Today’s times require great flexibility, delivery of high quality products and constant reduction of development costs. Agility represents a change in approach to software development management and focuses on continuous improvement, flexibility of delivery and transparent tracking of product development expenditure.
Scrum is the most popular and widespread Agile methodology and brings benefits at all levels of company management thanks to clearly defined roles, interaction and flexibility. A flexible approach to change management leads to increased customer satisfaction and at the same time reduces the risk of project failure.
Software development is traditionally carried out using the so-called Waterfall proposed by Winston Royce already in 1970. This standard methodology is based on the fact that development is divided into 6 consecutive parts – Gathering requirements, Design, Development, Integration, Testing and Deployment. The main disadvantage of this method is the fact that all requirements are set in advance and all planning depends on them. Incorporating changes can be very difficult, and is often done in the form of so-called change requests only at the end of the project.
Statistics show that only 39% of such software projects are successful, 43% are terminated with difficulties and 18% fail completely (The CHAOS Manifesto, Standish group 2012).

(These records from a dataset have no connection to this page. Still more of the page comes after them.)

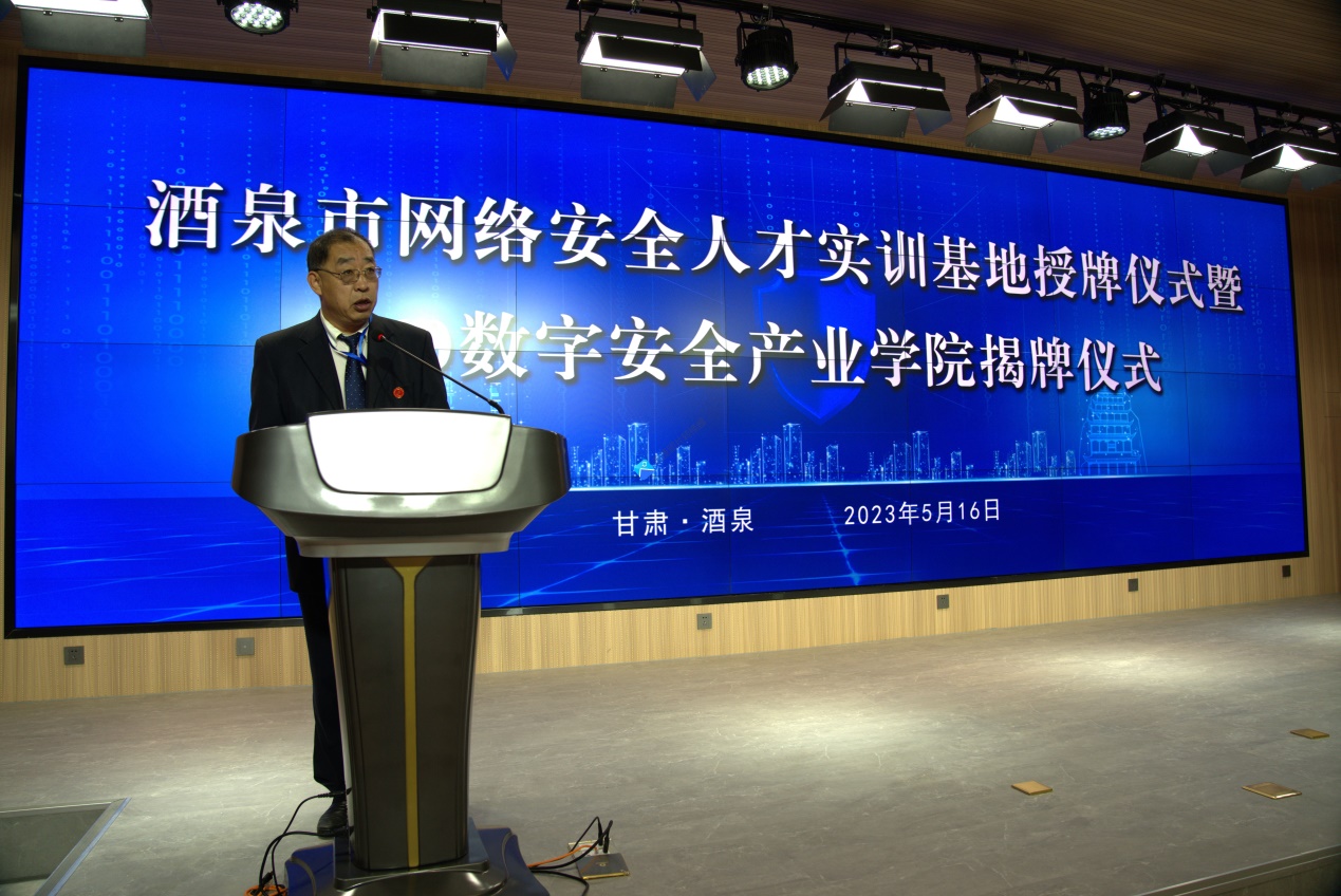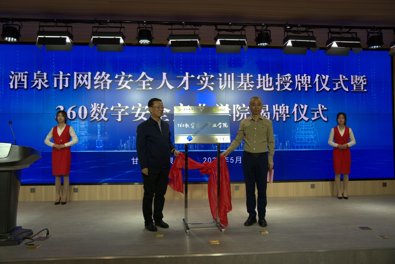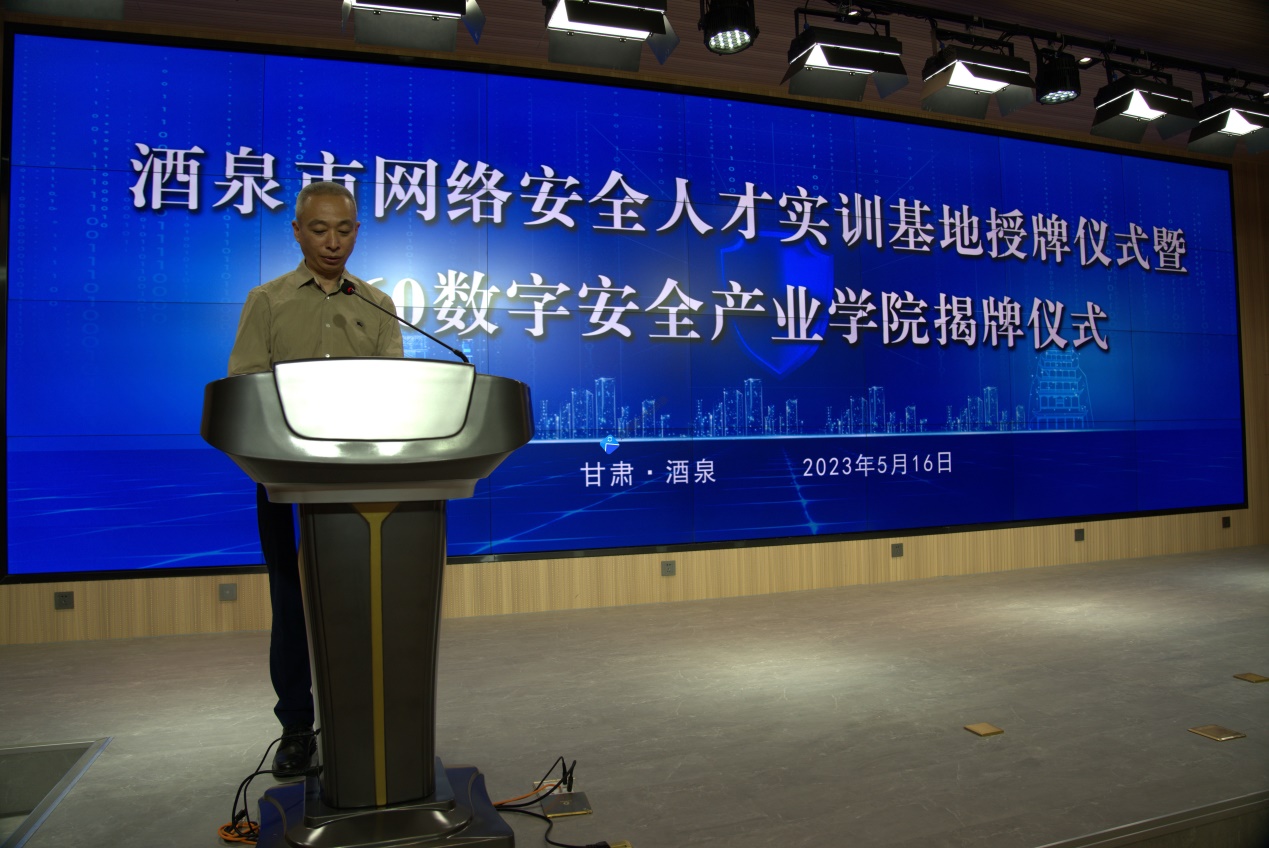 要闻快递 > 正文5月16日,酒泉市网络安全人才实训基地授牌仪式暨360数字安全产业学院揭牌仪式在酒泉职业技术学院弘毅楼C座报告厅隆重举行。酒泉市人大常委会主任李永军,360数字安全集团高级副总裁李博、区域总经理李铁牛、解决方案经理郭大伟等360企业相关负责人,市委组织部、市委网信办、市发改委、市教育局、市科技局、市工信局、市公安局、市人社局、市大数据局负责同志参加活动;活动由市委网信办主任、市委宣传部副部长(兼)、市互联网信息办主任(兼)马慧君同志主持,酒泉职业技术学院党委副书记许军教授及电子与信息工程学院相关负责人参加活动。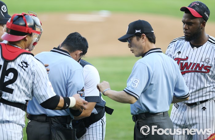 (서울=포커스뉴스) 5일 서울 잠실구장에서 열린 2016 프로야구 kt-LG 경기에서 1회초 파울 타구에 맞은 오훈규 주심이 LG 트레이너에게 치료를 받고 있다.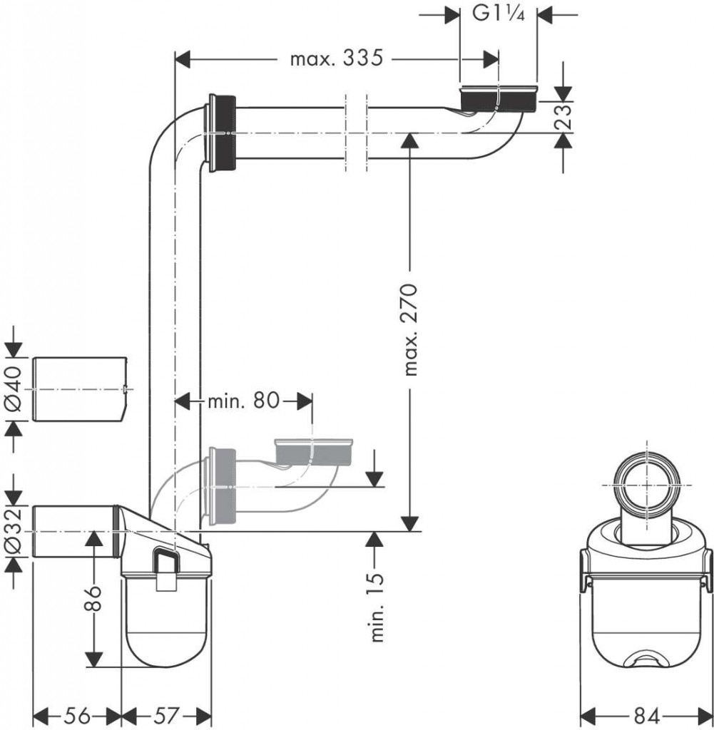 - pripojovací rozmer odtoku DN32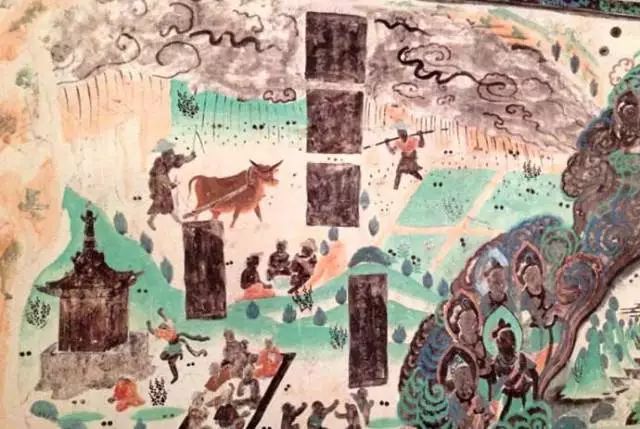 莫高窟第23窟的北壁上就有一幅清晰的绘制于唐代的《耕作图》,
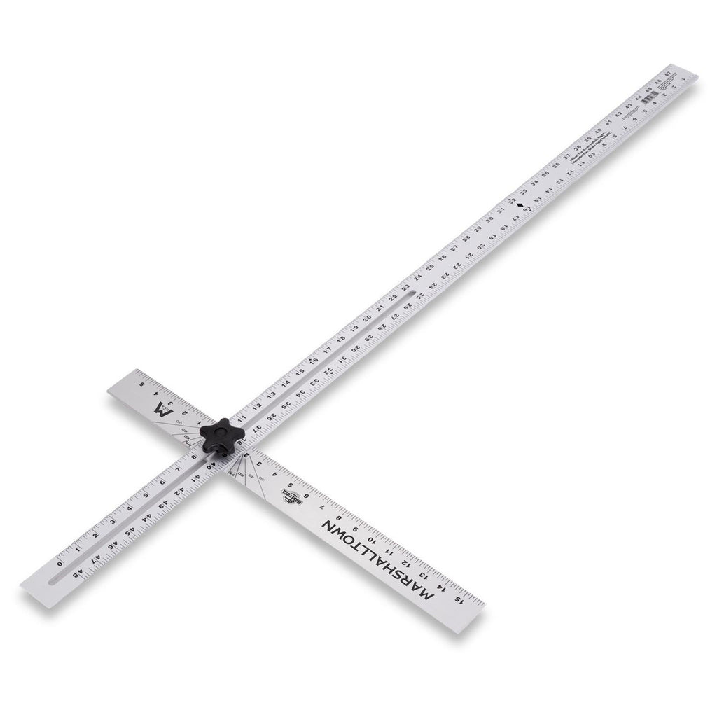 L'équerre pour cloisons sèches est fabriqué avec une finition anodisée argentée et des chiffres de peinture époxy noire pour une longue usure et une lisibilité. Ils ont des décisions inversées et des marquages de goujons pour permettre des coupes rapides et précises. Les rivets de type avion fixent les pales pour une précision à long terme. Le Handi-Square Réglable T-Square est fabriqué à partir d’aluminium extrudé durable et s’ajuste de 0° à 360°.

The same study also points to the fact that only 7% of all requests are really fully utilized and 45% are not utilized at all.
The concept of agile software development does not count on fixed requirements and instead is based on development with fixed resources and time, while the requirements can change throughout the project. The success of the projects is also increased by their transparency, frequent inspection and high adaptability to the surrounding conditions.